* [PROVIDED DATA]
----

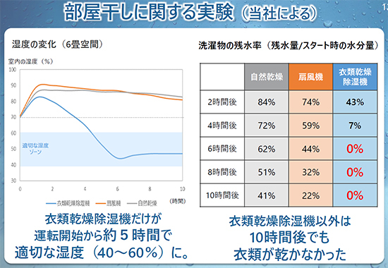 そこでパナソニックは、洗濯物を乾かすには「湿気をとる」ことと「風をあてる」ことがポイントで、衣類乾燥除湿機の使用をアドバイスした。実際に自然乾燥と扇風機、衣類乾燥除湿機を使った洗濯物を乾かす実験(梅雨を想定した室温20℃、湿度70%)では、衣類乾燥除湿機は6時間後にほぼ乾燥させることができた。
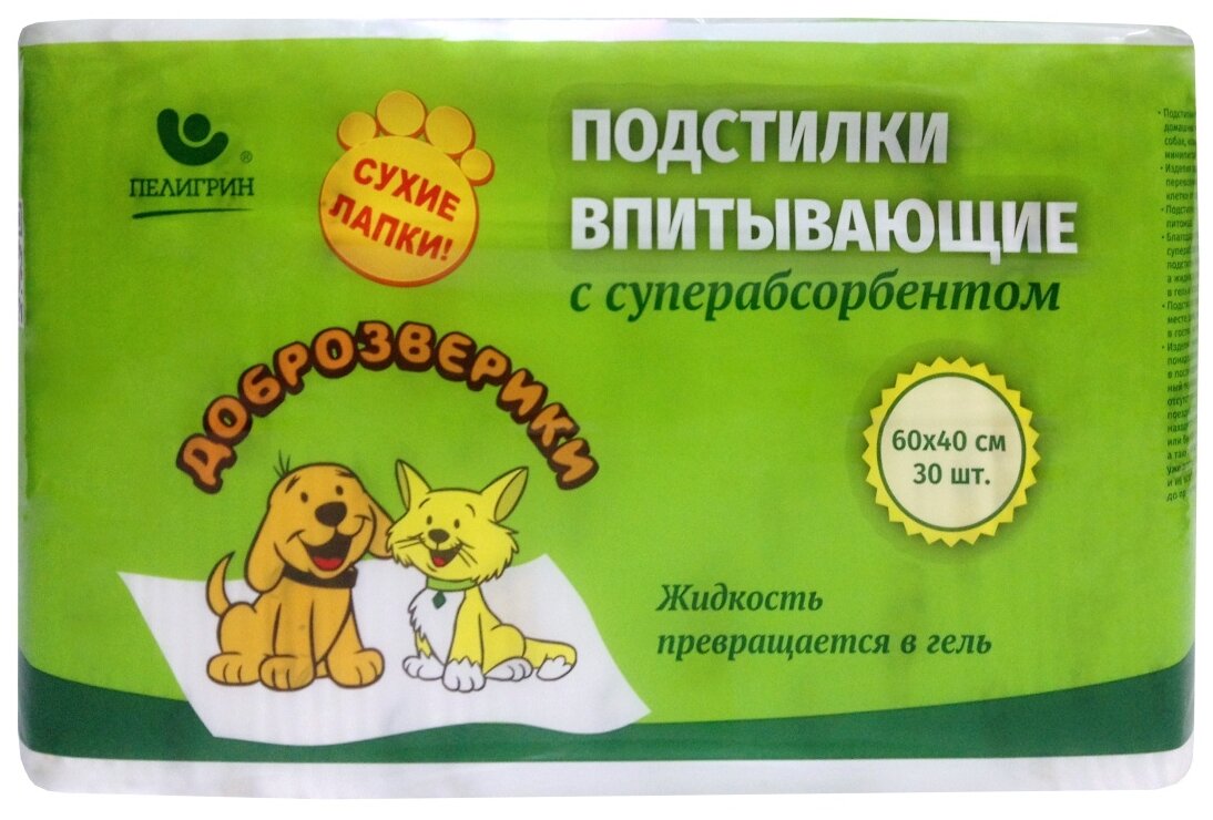 Пелигрин Доброзверики Подстилки впитывающие д/животных с суперабсорбентом 60*40*12шт
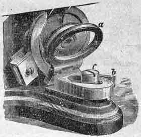Press the Lever (b) and turn back the drop (a). Place the bobbin upon the drop

----

* [EXERCISE DIRECTIONS]
No pictures should appear in the copy, which holds exactly the lines from the first line of the data through the line with "Пелигрин Доброзверики Подстилки" and nothing else.

* [RESPONSE]
 そこでパナソニックは、洗濯物を乾かすには「湿気をとる」ことと「風をあてる」ことがポイントで、衣類乾燥除湿機の使用をアドバイスした。実際に自然乾燥と扇風機、衣類乾燥除湿機を使った洗濯物を乾かす実験(梅雨を想定した室温20℃、湿度70%)では、衣類乾燥除湿機は6時間後にほぼ乾燥させることができた。
 Пелигрин Доброзверики Подстилки впитывающие д/животных с суперабсорбентом 60*40*12шт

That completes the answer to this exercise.